- **Try it**
Find the line in the entries below that contains "(三)技能寻宝:消耗200元". Repeat it exactly, and every line after it through the line that contains "신혼부부 시절에는 거실에서".

--- Information ---

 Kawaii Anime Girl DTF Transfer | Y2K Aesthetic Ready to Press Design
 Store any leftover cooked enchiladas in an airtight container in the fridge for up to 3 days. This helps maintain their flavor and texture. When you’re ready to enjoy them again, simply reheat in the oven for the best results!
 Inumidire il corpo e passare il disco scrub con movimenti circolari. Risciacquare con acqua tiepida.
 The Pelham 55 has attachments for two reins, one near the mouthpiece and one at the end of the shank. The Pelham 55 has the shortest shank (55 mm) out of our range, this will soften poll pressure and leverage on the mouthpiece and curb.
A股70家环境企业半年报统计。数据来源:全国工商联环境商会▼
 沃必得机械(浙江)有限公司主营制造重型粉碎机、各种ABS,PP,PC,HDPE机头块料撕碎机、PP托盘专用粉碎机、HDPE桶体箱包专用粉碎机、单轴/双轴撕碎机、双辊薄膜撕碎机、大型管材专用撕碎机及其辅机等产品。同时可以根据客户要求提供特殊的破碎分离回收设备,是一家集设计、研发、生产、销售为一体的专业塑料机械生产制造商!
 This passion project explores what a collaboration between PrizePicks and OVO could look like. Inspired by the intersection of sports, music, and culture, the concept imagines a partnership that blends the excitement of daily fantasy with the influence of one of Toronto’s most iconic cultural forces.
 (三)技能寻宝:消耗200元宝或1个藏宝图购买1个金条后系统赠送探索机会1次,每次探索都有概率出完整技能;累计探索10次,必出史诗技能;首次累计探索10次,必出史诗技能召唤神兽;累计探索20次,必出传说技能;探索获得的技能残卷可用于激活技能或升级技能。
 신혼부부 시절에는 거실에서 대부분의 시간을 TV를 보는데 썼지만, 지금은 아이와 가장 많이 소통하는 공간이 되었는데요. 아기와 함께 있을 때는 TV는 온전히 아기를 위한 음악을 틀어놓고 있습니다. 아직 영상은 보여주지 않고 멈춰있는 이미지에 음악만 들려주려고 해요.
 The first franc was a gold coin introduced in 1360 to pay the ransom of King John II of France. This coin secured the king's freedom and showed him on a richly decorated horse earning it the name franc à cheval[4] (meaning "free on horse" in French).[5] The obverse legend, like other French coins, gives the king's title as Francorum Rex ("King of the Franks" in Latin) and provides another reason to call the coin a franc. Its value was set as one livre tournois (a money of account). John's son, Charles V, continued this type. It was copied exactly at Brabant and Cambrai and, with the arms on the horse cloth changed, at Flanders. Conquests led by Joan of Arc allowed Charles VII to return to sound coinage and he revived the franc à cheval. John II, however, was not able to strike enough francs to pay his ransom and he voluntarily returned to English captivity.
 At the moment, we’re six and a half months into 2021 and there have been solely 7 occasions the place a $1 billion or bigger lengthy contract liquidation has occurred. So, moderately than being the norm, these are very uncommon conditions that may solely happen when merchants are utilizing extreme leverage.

---

- **Answer space**
 (三)技能寻宝:消耗200元宝或1个藏宝图购买1个金条后系统赠送探索机会1次,每次探索都有概率出完整技能;累计探索10次,必出史诗技能;首次累计探索10次,必出史诗技能召唤神兽;累计探索20次,必出传说技能;探索获得的技能残卷可用于激活技能或升级技能。
 신혼부부 시절에는 거실에서 대부분의 시간을 TV를 보는데 썼지만, 지금은 아이와 가장 많이 소통하는 공간이 되었는데요. 아기와 함께 있을 때는 TV는 온전히 아기를 위한 음악을 틀어놓고 있습니다. 아직 영상은 보여주지 않고 멈춰있는 이미지에 음악만 들려주려고 해요.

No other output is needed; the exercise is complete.